### Prompt
Could you transcribe all of the data exactly and skip any pictures?
*** Supplied material ***
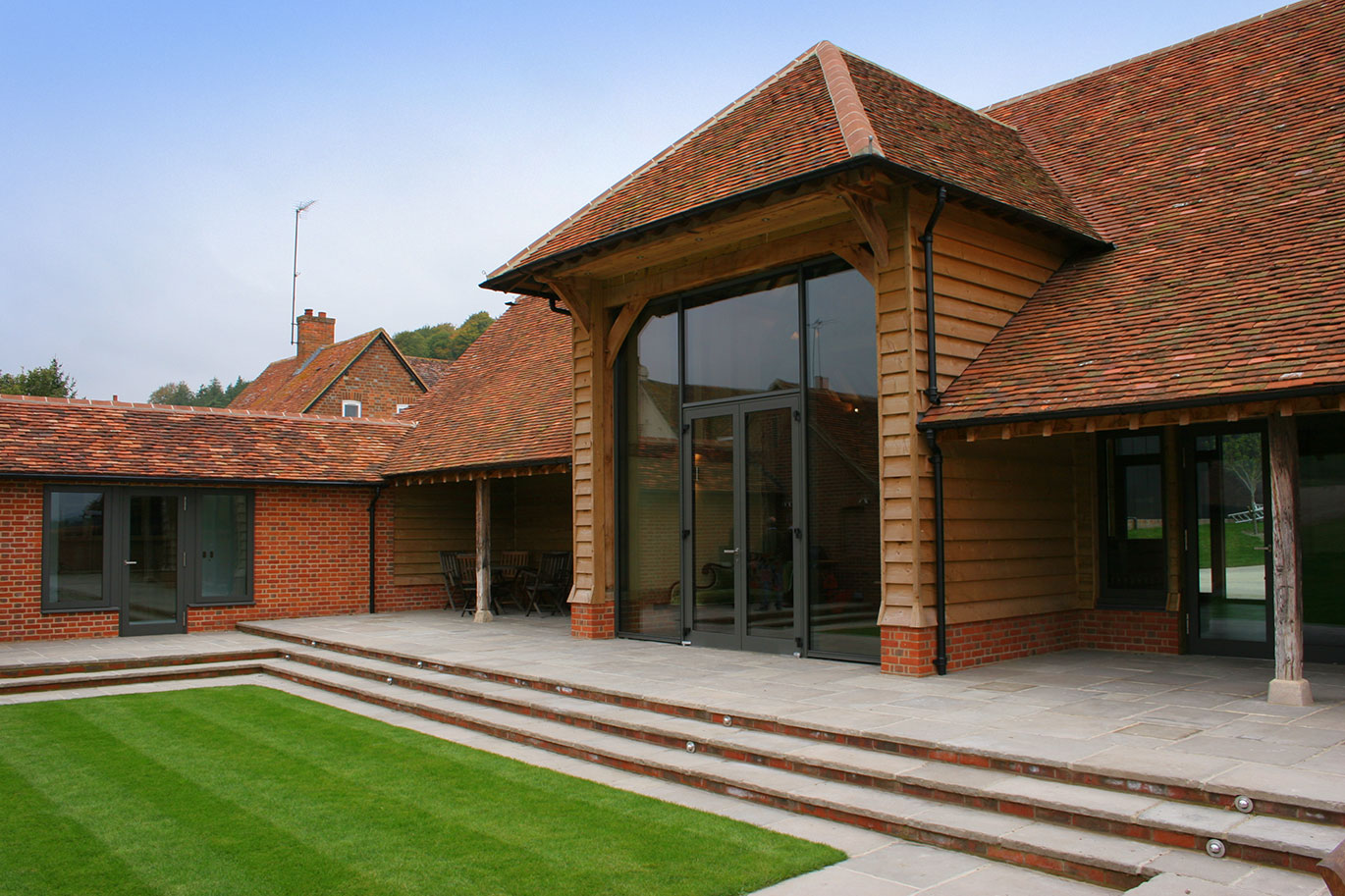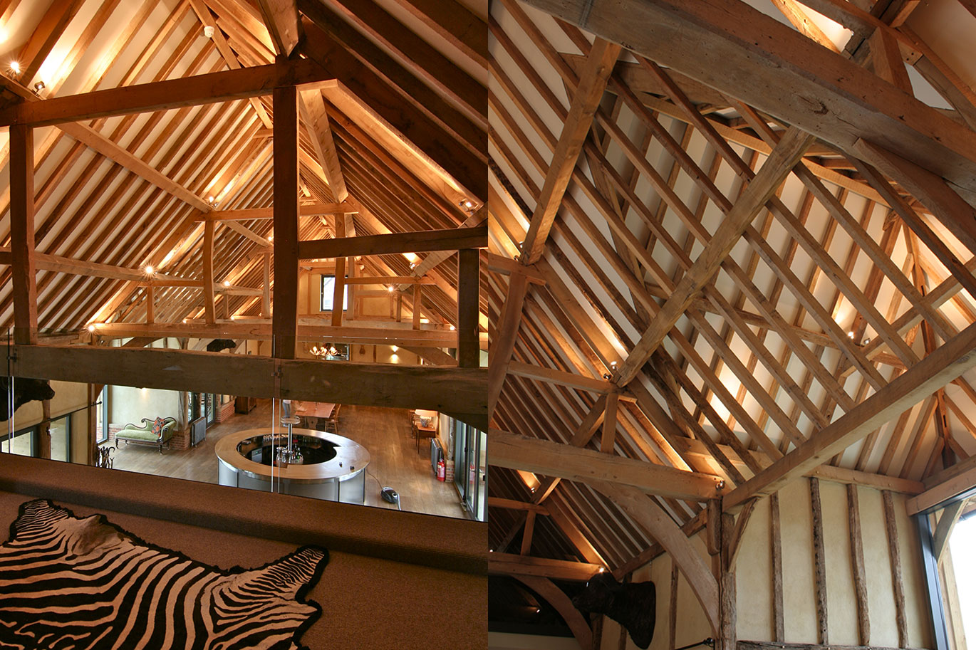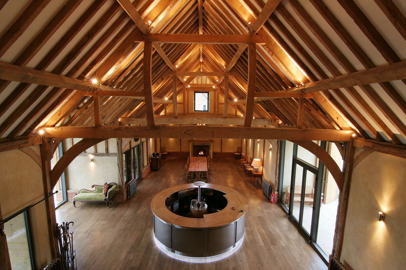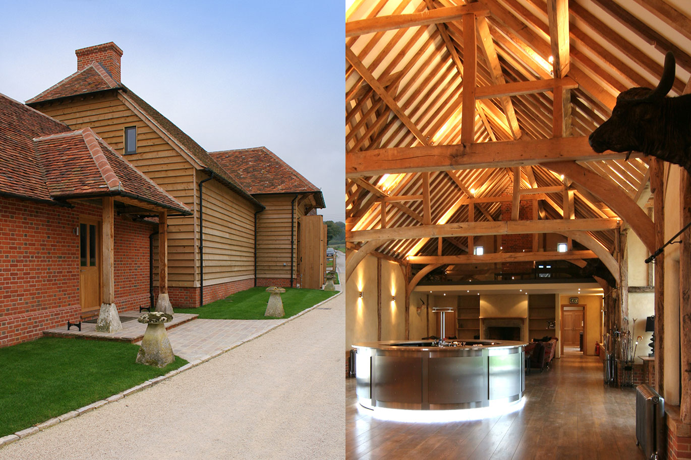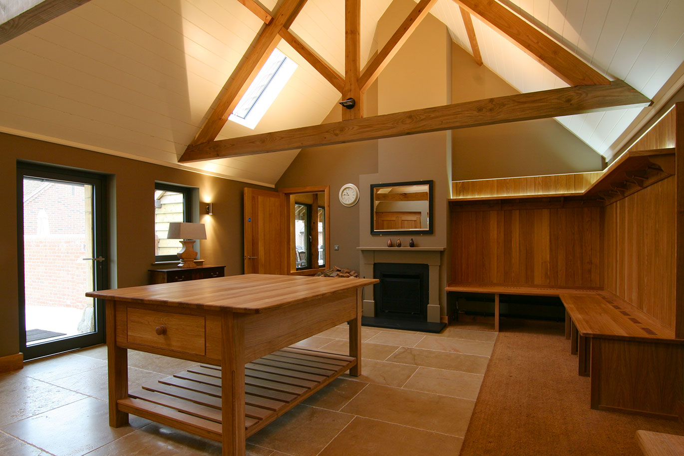 The palate of materials for this project was chosen to complement the original oak and elm structural members of the barn and included stone flagged and oak boarded floors.
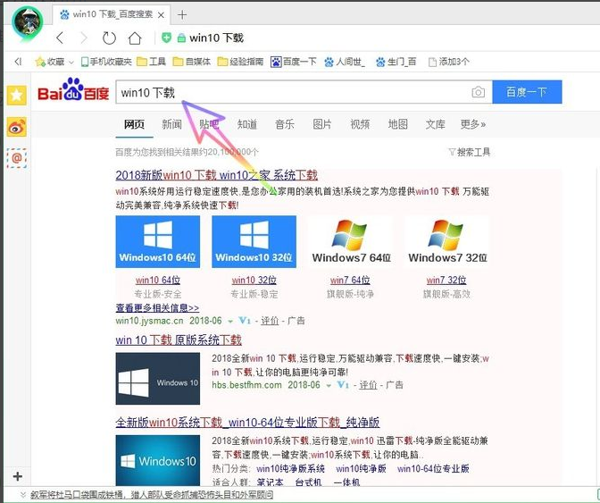 1.打开浏览器,在windows10上搜索下载windows10页面并点击打开,
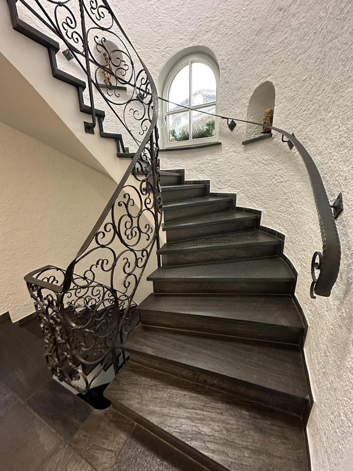 Vom großzügigen Eingangsbereich aus gelangen Sie in alle Räume im Erdgeschoß und zu den Treppen in den 1. Stock und Keller. Im Erdgeschoß befinden sich das 43 m² große Wohnzimmer mit Panoramafenstern, Kachelofen und Ausgang zur Süd- bzw. Ostterrasse mit Freisitz und offenem Kamin. An das Wohnzimmer schließt sich ein offenes Esszimmer und die Durchgangstüre zur abgeschlossenen Küche an. Außerdem stehen im Erdgeschoß noch ein Gäste-WC und ein Hauswirtschaftsraum zur Verfügung. Über den Treppenaufgang mit Stufen aus schwarzem Granit und schmiedeeisernem Geländer gelangen Sie in das OG. Dort befindet sich das große Schlafzimmer mit Zugang zum Balkon. Neben dem Schlafzimmer liegt das Bad mit großem Fenster, begehbare Regendusche, Wanne, Waschtisch mit Doppelwaschbecken und Schminkplatz. Zusätzlich befindet sich auf dieser Seite des OG noch ein kleines Ankleidezimmer. Gegenüber befindet sich die Einliegerwohnung mit separatem Eingang. Die Einliegerwohnung besitzt einen kleinen Flur, ein geräumiges Wohnzimmer, ein Schlafzimmer, Badezimmer mit großer begehbarer Dusche und eine kleine Küche. Zur Einliegerwohnung gehört noch ein großzügiger Südbalkon mit Panoramablick. Im Kellergeschoß befinden sich ein 30 m² großer Mehrzweckraum, ein Abstellraum, der große Heizungsraum, die Waschküche, ein extra Trockenraum und der Wellnessbereich mit großer Infrarotkabine, begehbarer Dusche und WC. Der gesamte Kellerbereich ist gefliest und isoliert.
***
### Response area
 The palate of materials for this project was chosen to complement the original oak and elm structural members of the barn and included stone flagged and oak boarded floors.
 1.打开浏览器,在windows10上搜索下载windows10页面并点击打开,
 Vom großzügigen Eingangsbereich aus gelangen Sie in alle Räume im Erdgeschoß und zu den Treppen in den 1. Stock und Keller. Im Erdgeschoß befinden sich das 43 m² große Wohnzimmer mit Panoramafenstern, Kachelofen und Ausgang zur Süd- bzw. Ostterrasse mit Freisitz und offenem Kamin. An das Wohnzimmer schließt sich ein offenes Esszimmer und die Durchgangstüre zur abgeschlossenen Küche an. Außerdem stehen im Erdgeschoß noch ein Gäste-WC und ein Hauswirtschaftsraum zur Verfügung. Über den Treppenaufgang mit Stufen aus schwarzem Granit und schmiedeeisernem Geländer gelangen Sie in das OG. Dort befindet sich das große Schlafzimmer mit Zugang zum Balkon. Neben dem Schlafzimmer liegt das Bad mit großem Fenster, begehbare Regendusche, Wanne, Waschtisch mit Doppelwaschbecken und Schminkplatz. Zusätzlich befindet sich auf dieser Seite des OG noch ein kleines Ankleidezimmer. Gegenüber befindet sich die Einliegerwohnung mit separatem Eingang. Die Einliegerwohnung besitzt einen kleinen Flur, ein geräumiges Wohnzimmer, ein Schlafzimmer, Badezimmer mit großer begehbarer Dusche und eine kleine Küche. Zur Einliegerwohnung gehört noch ein großzügiger Südbalkon mit Panoramablick. Im Kellergeschoß befinden sich ein 30 m² großer Mehrzweckraum, ein Abstellraum, der große Heizungsraum, die Waschküche, ein extra Trockenraum und der Wellnessbereich mit großer Infrarotkabine, begehbarer Dusche und WC. Der gesamte Kellerbereich ist gefliest und isoliert.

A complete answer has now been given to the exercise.